══ Given entries ══
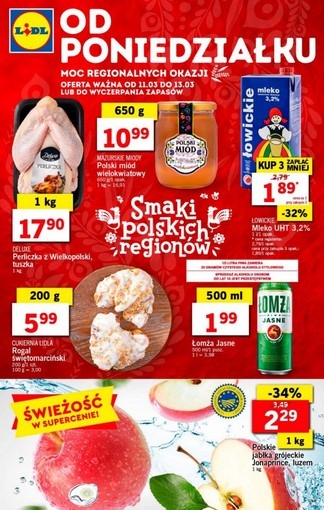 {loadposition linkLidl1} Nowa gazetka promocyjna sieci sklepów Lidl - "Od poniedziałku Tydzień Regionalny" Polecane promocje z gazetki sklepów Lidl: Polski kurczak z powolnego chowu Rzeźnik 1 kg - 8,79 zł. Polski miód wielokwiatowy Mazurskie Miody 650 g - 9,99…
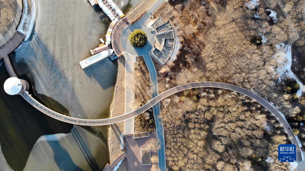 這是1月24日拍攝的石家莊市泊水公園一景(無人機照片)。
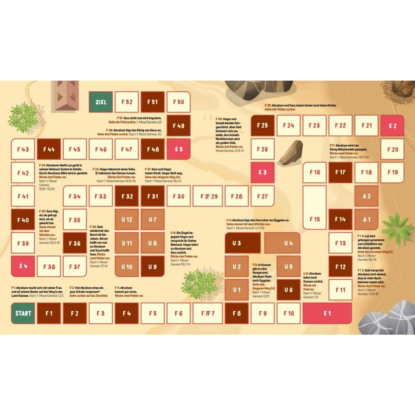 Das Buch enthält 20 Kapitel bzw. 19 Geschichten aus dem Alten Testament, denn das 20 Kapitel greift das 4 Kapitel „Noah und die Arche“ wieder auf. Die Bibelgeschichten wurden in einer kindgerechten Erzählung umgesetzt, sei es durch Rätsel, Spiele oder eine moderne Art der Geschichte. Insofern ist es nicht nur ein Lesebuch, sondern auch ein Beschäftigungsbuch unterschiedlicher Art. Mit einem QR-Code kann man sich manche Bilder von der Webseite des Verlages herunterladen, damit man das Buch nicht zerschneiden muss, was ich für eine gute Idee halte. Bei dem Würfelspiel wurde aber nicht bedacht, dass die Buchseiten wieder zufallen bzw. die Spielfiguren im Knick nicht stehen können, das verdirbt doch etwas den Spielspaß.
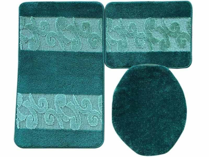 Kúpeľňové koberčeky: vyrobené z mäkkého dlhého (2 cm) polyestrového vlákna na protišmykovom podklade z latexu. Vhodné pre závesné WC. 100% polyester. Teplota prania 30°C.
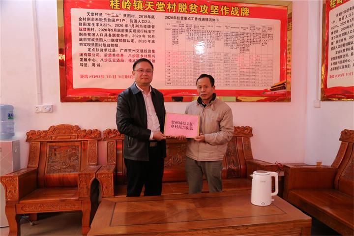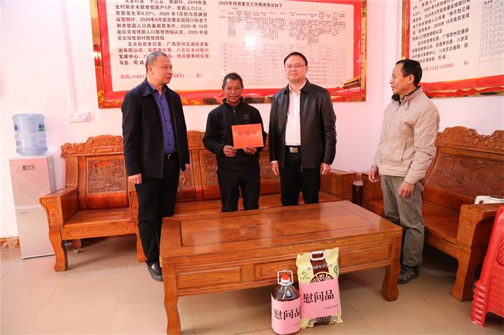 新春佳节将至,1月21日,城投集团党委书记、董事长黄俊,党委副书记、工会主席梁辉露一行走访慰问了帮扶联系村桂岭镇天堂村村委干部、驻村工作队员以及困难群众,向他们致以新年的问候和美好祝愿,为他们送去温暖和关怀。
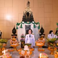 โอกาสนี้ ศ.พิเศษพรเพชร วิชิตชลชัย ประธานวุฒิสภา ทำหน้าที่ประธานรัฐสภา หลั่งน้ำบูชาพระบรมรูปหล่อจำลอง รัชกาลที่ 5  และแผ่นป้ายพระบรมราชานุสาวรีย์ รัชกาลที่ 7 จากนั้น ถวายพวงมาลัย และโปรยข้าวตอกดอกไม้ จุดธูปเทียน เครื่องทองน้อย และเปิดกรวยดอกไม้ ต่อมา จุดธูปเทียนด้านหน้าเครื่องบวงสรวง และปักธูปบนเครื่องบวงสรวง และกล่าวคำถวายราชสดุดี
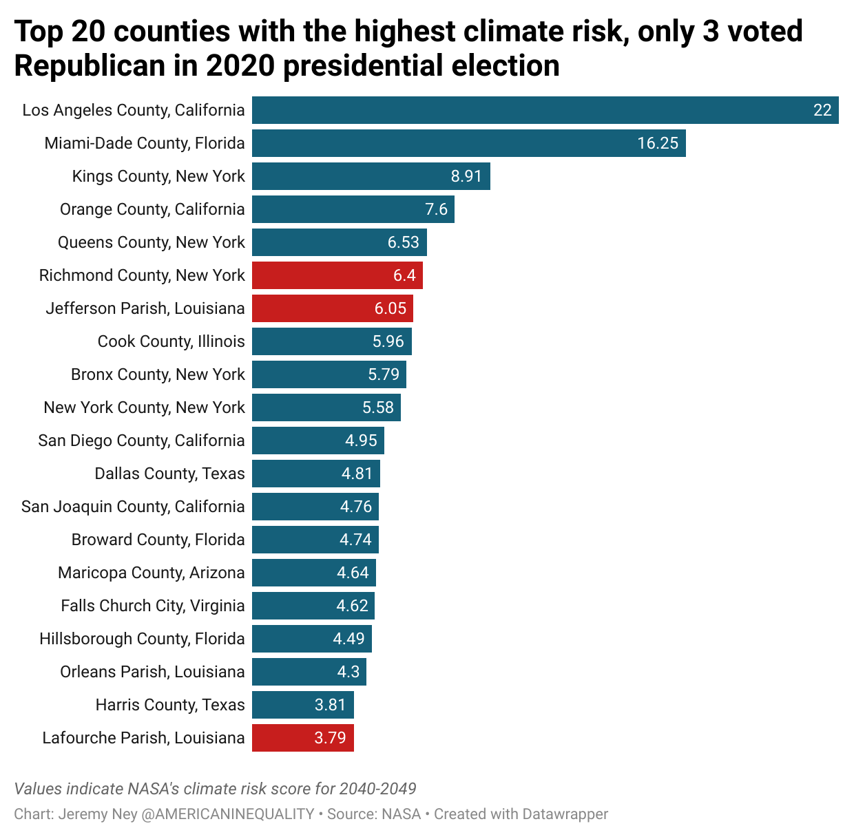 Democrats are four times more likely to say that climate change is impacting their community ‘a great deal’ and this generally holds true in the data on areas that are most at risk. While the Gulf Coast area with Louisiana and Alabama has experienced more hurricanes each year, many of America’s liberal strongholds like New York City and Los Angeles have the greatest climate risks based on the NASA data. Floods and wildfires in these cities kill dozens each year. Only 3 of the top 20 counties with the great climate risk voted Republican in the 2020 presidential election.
═══
What do the entries above read from the line containing "Das Buch enthält" through the line containing "新春佳节将至,1月21日,城"? Output those lines exactly, both ends included, with the pictures left out.

 Das Buch enthält 20 Kapitel bzw. 19 Geschichten aus dem Alten Testament, denn das 20 Kapitel greift das 4 Kapitel „Noah und die Arche“ wieder auf. Die Bibelgeschichten wurden in einer kindgerechten Erzählung umgesetzt, sei es durch Rätsel, Spiele oder eine moderne Art der Geschichte. Insofern ist es nicht nur ein Lesebuch, sondern auch ein Beschäftigungsbuch unterschiedlicher Art. Mit einem QR-Code kann man sich manche Bilder von der Webseite des Verlages herunterladen, damit man das Buch nicht zerschneiden muss, was ich für eine gute Idee halte. Bei dem Würfelspiel wurde aber nicht bedacht, dass die Buchseiten wieder zufallen bzw. die Spielfiguren im Knick nicht stehen können, das verdirbt doch etwas den Spielspaß.
 Kúpeľňové koberčeky: vyrobené z mäkkého dlhého (2 cm) polyestrového vlákna na protišmykovom podklade z latexu. Vhodné pre závesné WC. 100% polyester. Teplota prania 30°C.
 新春佳节将至,1月21日,城投集团党委书记、董事长黄俊,党委副书记、工会主席梁辉露一行走访慰问了帮扶联系村桂岭镇天堂村村委干部、驻村工作队员以及困难群众,向他们致以新年的问候和美好祝愿,为他们送去温暖和关怀。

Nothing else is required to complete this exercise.